**Aim of the exercise**
Transcribe exactly, and without pictures, only the lines from the one bearing "ore wagons. |" through the final line of the data below.

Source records
+++

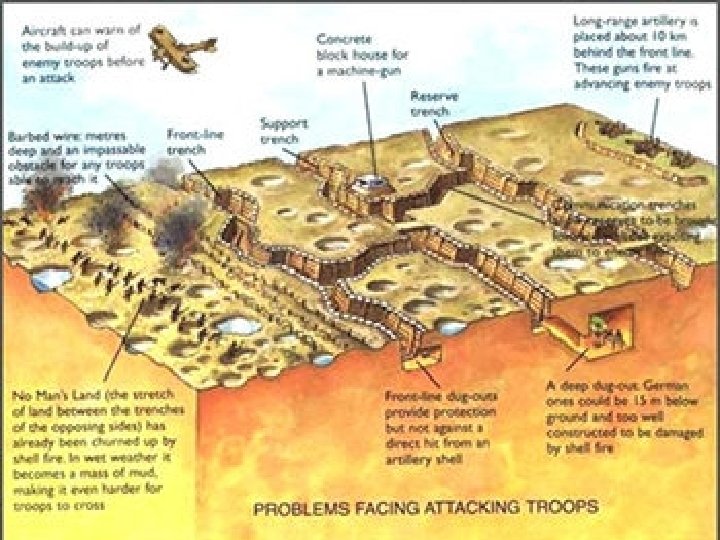• Trench warfare was the main reason for lengthy, bloody battles which gained little to no land. • Soldiers endured months of hardships in the trenches including: Lice, rats, disease and starvation. • “Going over the top” and attacking the other trenches lead to millions of deaths and very little gains.
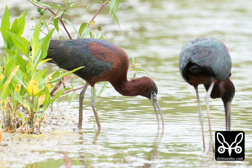 田んぼで仲良く餌探し。何かの幼虫らしきをメインディッシュにしていました。
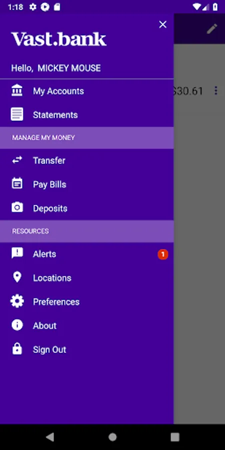 Vast Mobile Banking supports various account types including checking, savings, money markets and loans. Regular account service charges apply. Network connectivity and usage rates may apply. Contact your wireless provider for more details.
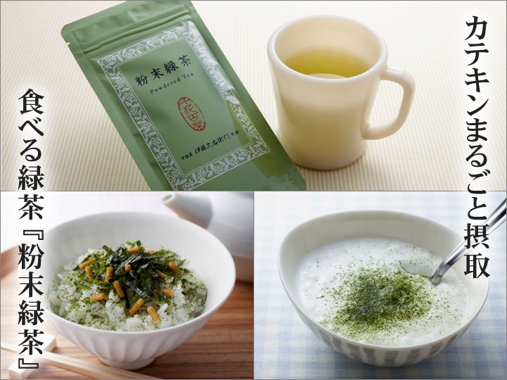 宇治茶のおいしさをまるごと粉末にしました。緑茶のもつ有効成分であるカテキンやタンニンをまるごと摂取していただけます。
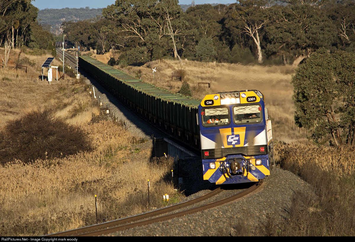 | CM3301-CM3305 work empty ore wagons west as train 4847 and lean into the elevated curve after crossing Wollar Creek. Note rear of east bound coal loads in the loop at wollar shown in the back ground behind ore wagons. |
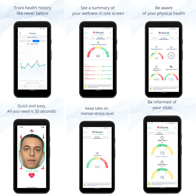 O Anura (ou Anura Lite, dependendo da versão) é um aplicativo de bem-estar que usa inteligência artificial para estimar indicadores fisiológicos e psicológicos a partir de um vídeo selfie de 30 segundos.
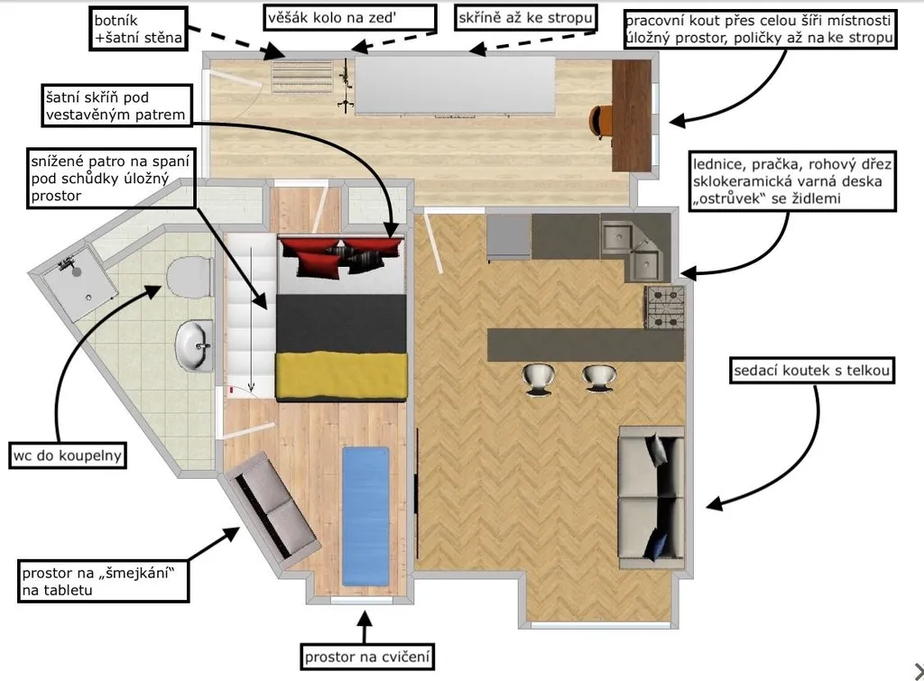 - oddělený pracovní kout a úložné prostory v předsíni.
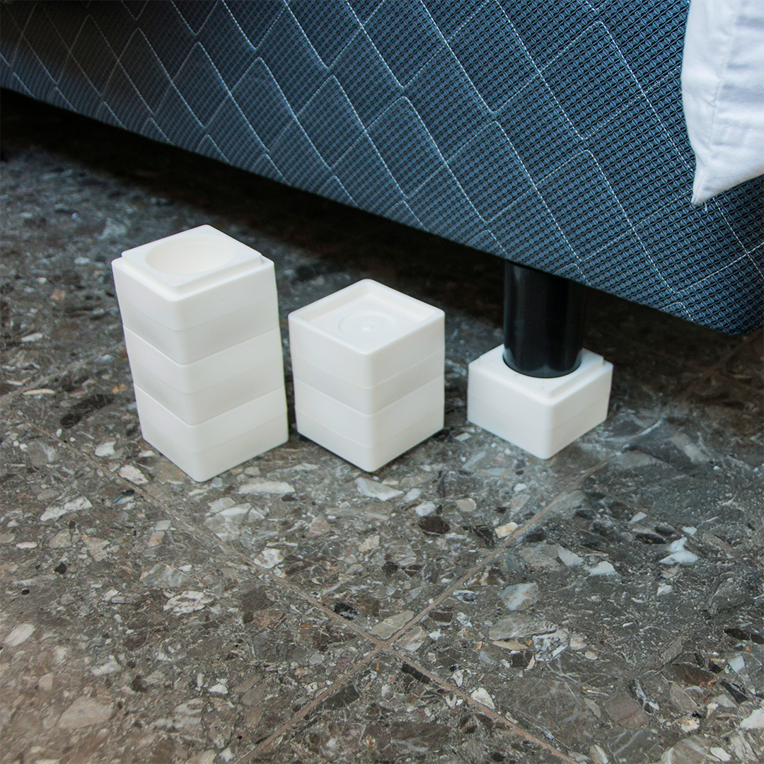 Cada taco eleva 5 cm y permite lograr alturas de hasta 15 cm. Pensados para elevar camas o muebles de forma segura, sin perder estabilidad ni diseño.
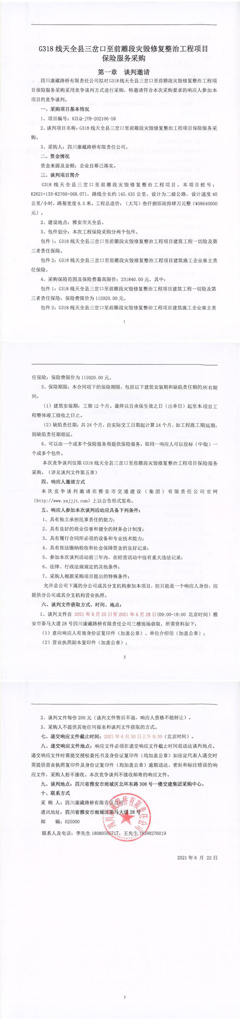 四川康藏路橋有限責(zé)任公司G318線天全縣三岔口至前雕段災(zāi)毀修復(fù)整治工程項目保險服務(wù)采購競爭談判公告

+++

**Solution to the exercise**
 | CM3301-CM3305 work empty ore wagons west as train 4847 and lean into the elevated curve after crossing Wollar Creek. Note rear of east bound coal loads in the loop at wollar shown in the back ground behind ore wagons. |
 O Anura (ou Anura Lite, dependendo da versão) é um aplicativo de bem-estar que usa inteligência artificial para estimar indicadores fisiológicos e psicológicos a partir de um vídeo selfie de 30 segundos.
 - oddělený pracovní kout a úložné prostory v předsíni.
 Cada taco eleva 5 cm y permite lograr alturas de hasta 15 cm. Pensados para elevar camas o muebles de forma segura, sin perder estabilidad ni diseño.
 四川康藏路橋有限責(zé)任公司G318線天全縣三岔口至前雕段災(zāi)毀修復(fù)整治工程項目保險服務(wù)采購競爭談判公告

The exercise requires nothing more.